Records for this exercise:
== Segment start ==
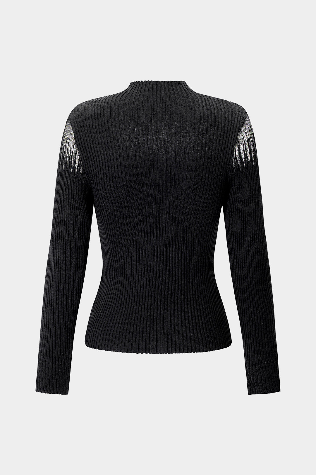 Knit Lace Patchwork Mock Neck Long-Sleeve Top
== Segment end ==
== Segment start ==
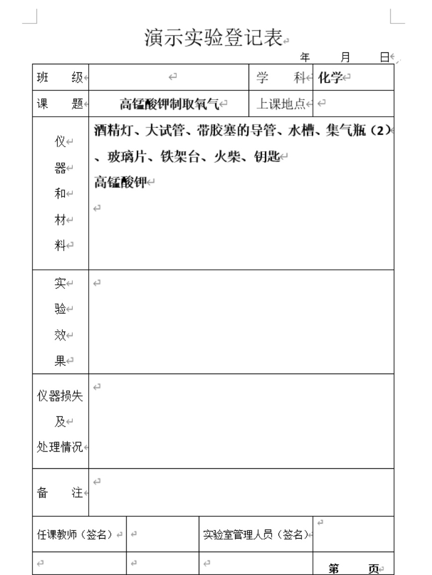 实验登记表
== Segment end ==
== Segment start ==
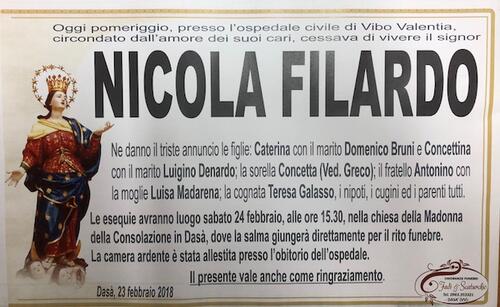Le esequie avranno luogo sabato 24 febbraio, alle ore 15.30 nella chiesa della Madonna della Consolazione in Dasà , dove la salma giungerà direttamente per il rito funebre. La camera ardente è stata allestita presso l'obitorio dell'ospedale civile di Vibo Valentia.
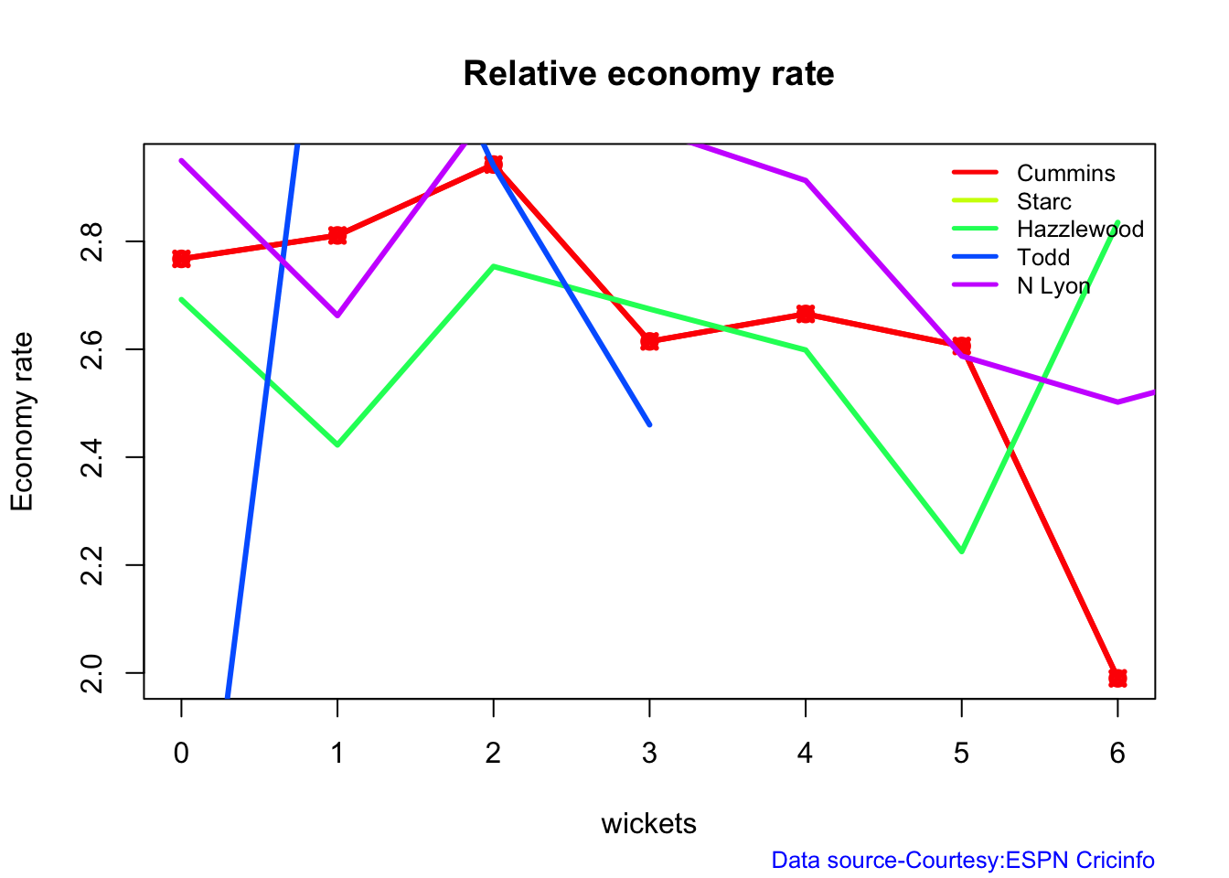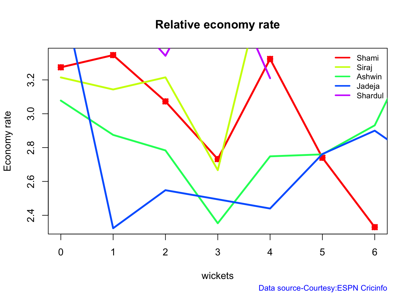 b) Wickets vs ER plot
== Segment end ==
Aim of the exercise: Using the material above, transcribe exactly the lines from the one holding "Le esequie avranno" to the one holding "b) Wickets vs ER plot", both ends kept. Do not carry over any pictures.

The completed task:
Le esequie avranno luogo sabato 24 febbraio, alle ore 15.30 nella chiesa della Madonna della Consolazione in Dasà , dove la salma giungerà direttamente per il rito funebre. La camera ardente è stata allestita presso l'obitorio dell'ospedale civile di Vibo Valentia.
 b) Wickets vs ER plot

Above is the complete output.